This I noticed several times in the last weeks. It’s like a sneaky silent poison creeping in my soul. First I thought I chew on letting go the past with my ex, trying hard to surrender to the fact that he left me emotionally long ago and that I won’t get answers, I will not enjoy him being sober in a life together (if he stays sober after regaining his driver license), that for my desperate longing for connection and love he is the wrong person and our farm where we were happy too is the wrong place.

I caught myself several times reacting with grief and resentment that he is no longer my man, that I am alone. I loved the feeling that we belong together, I was proud of him and us, what we mastered, that we had fun, that we loved each other. I kept this illusion when all went south, when the not so good and exhausting times became more and more, he drank more and more, I bitched more and more.

I found no way up to now how I can get rid of this childisch illusion that everything will be allright if we hug and cuddle and spend time together, I’ll feel loved and have someone I belong to. He fucking doesn’t want to and I’m not 15 anymore. This emotions are deeply unhealthy, they root in my childhood when I felt nobody cared for me or loved me or even listened to me (which is not true, I made peace on this issues with my parents long ago, they both worked hard and did their best, mum was an alcoholic who got dry in my 20s).

I honestly ask myself if the resentments coming up when reading/hearing about people having a good time with their partners are envy, FOMO, really missing something I once shared with my ex or a dawning realization that the good times we had are overly glorified by my yearning to be in a loving good relationship.
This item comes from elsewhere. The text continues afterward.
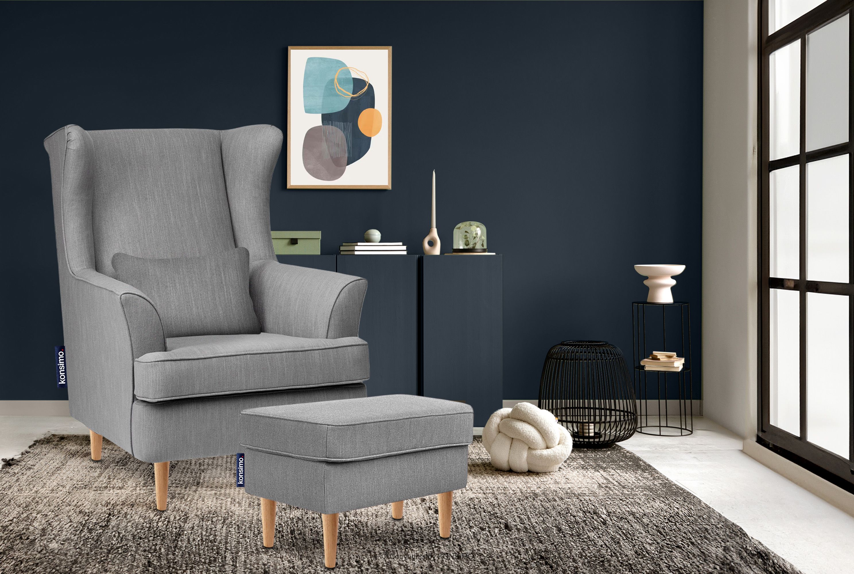 Fotel i puf na drewnianych nóżkach szary/ciemny szary wprowadzi niezwykły klimat w salonie czy sypialni. Wyjątkowa barwa, miękkie linie i elementy z litego drewna doskonale się razem prezentują. Pasuje do klasycznych aranżacji oraz skandynawskich. Świetnie sprawdzi się jako punkt centralny salonu, w wyróżniającym się kolorze. Dodatkowo jego średnio twarde siedzisko oraz optymalnie wyprofilowane, miękkie oparcie i boczki to gwarancja relaksu i doskonałego wypoczynku każdego dnia.
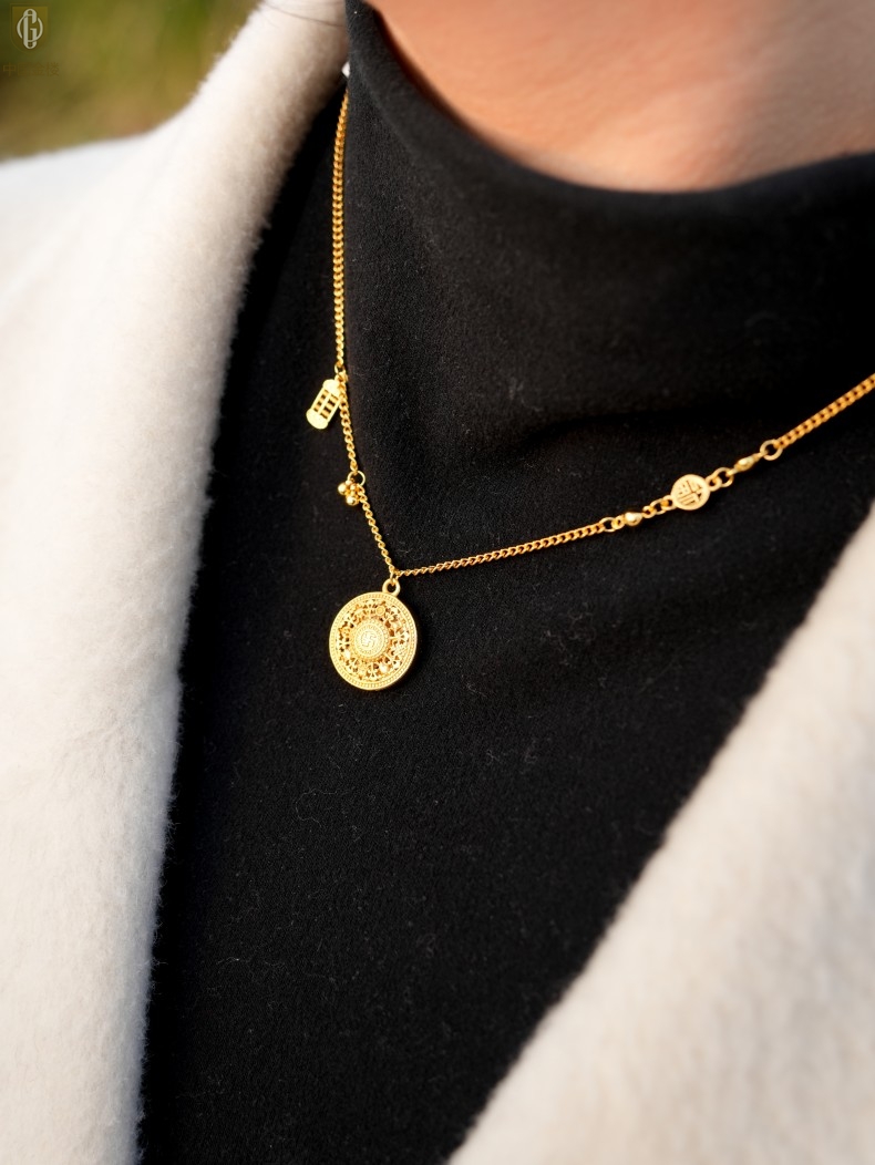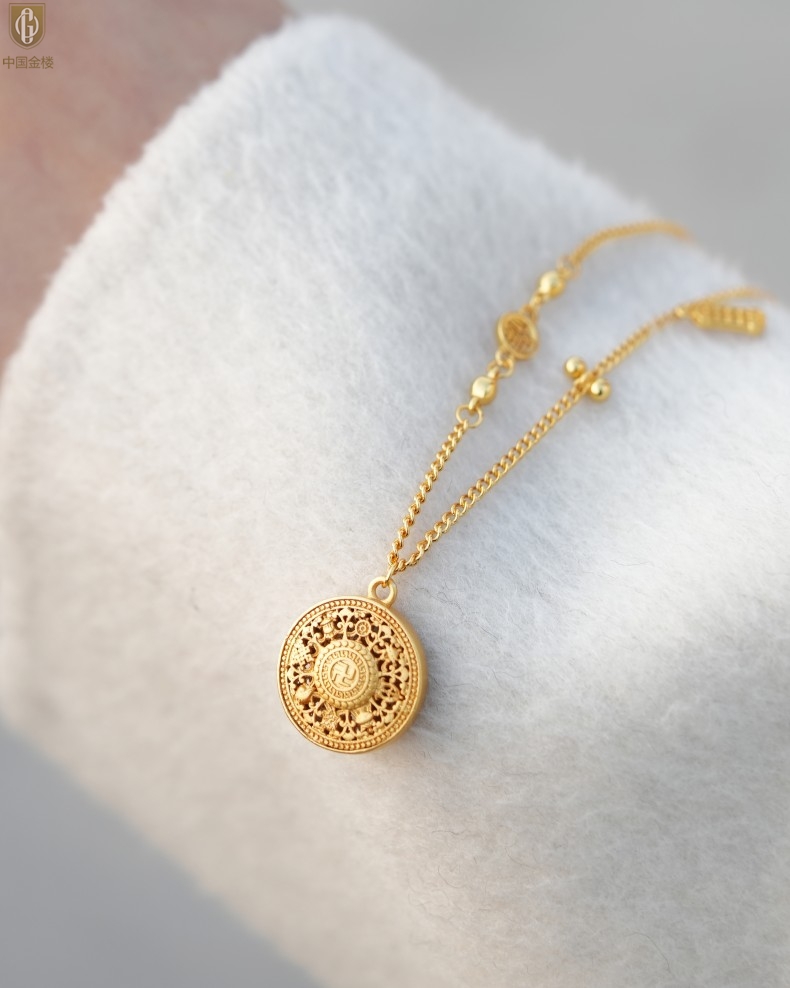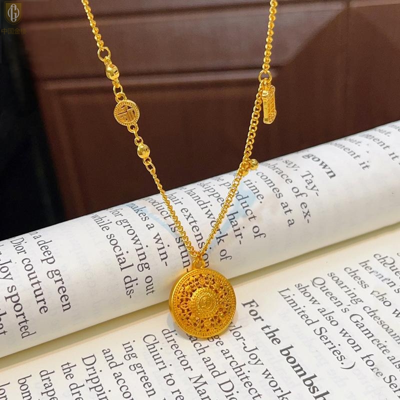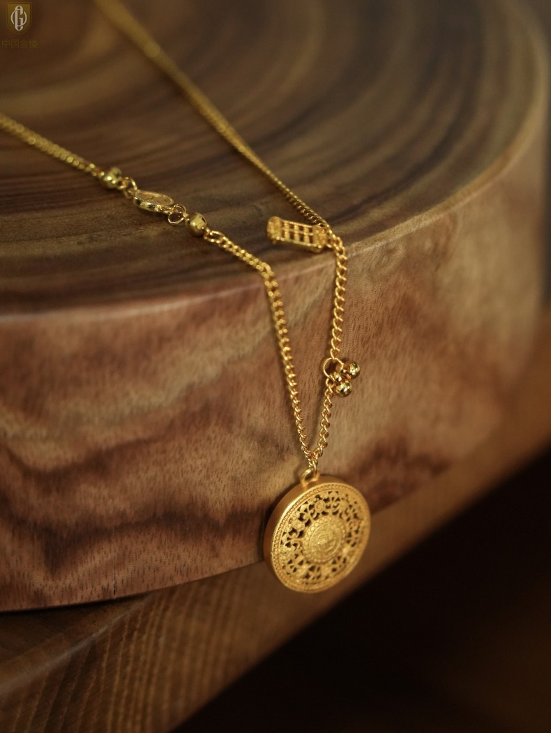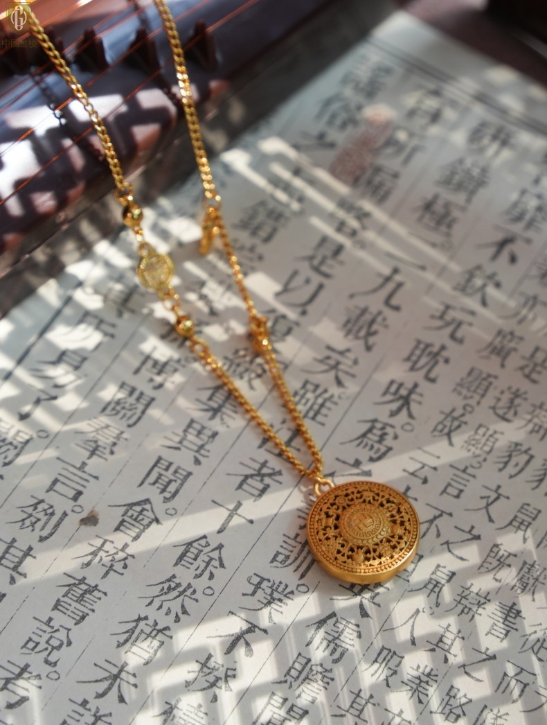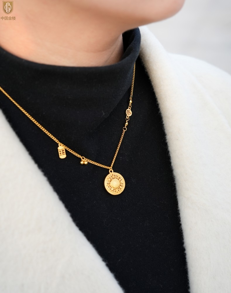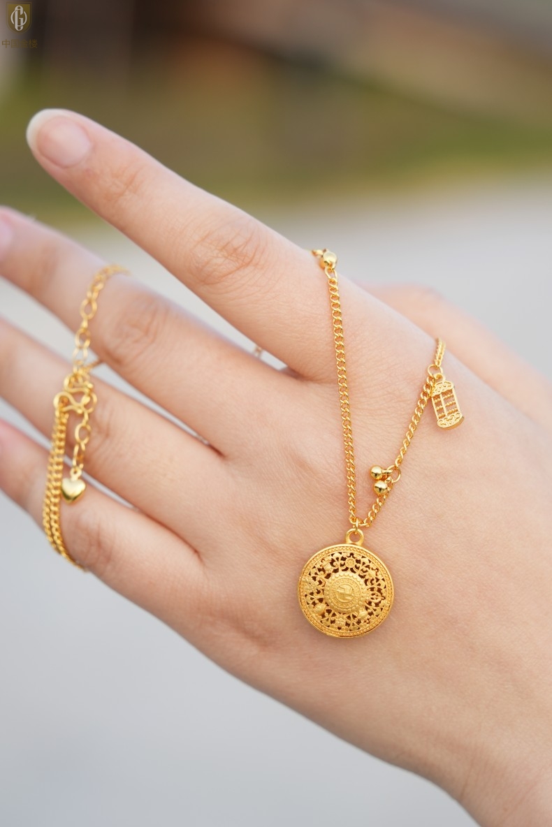 【品名】中国金楼幸福美满祥瑞八宝罗盘全家福K金项链

Me and my fucking codependency.

There’s a long way to go for me before I’ll have solid ground under my feet. I’m grateful I came already a long way in the past 1+ year. I pray for serenity, peace, calm and letting go. I pray for my mind to stop producing what-if scenarios, my life is NOT a movie and I don’t want drama anymore. My mind still can go crazy on drama, maybe it’s bored. Well, I move me and Missi to the office now. My brain will be occupied for the next hours and hopefully shut up with nonsense wishing drama blabla like my ex wecoming me back at our farm. Sometimes I really think I did hard drugs when I have such thoughts and wishful thinking. In Austria we have a saying: “Du hast wohl narrische Schwammerl gegessen.” Assumes that someone ate daft = psychedelic = bad mushrooms (to distinguish from a lot of delicious mushrooms for cooking). No yummi mushrooms for me today, only leftovers from yesterday.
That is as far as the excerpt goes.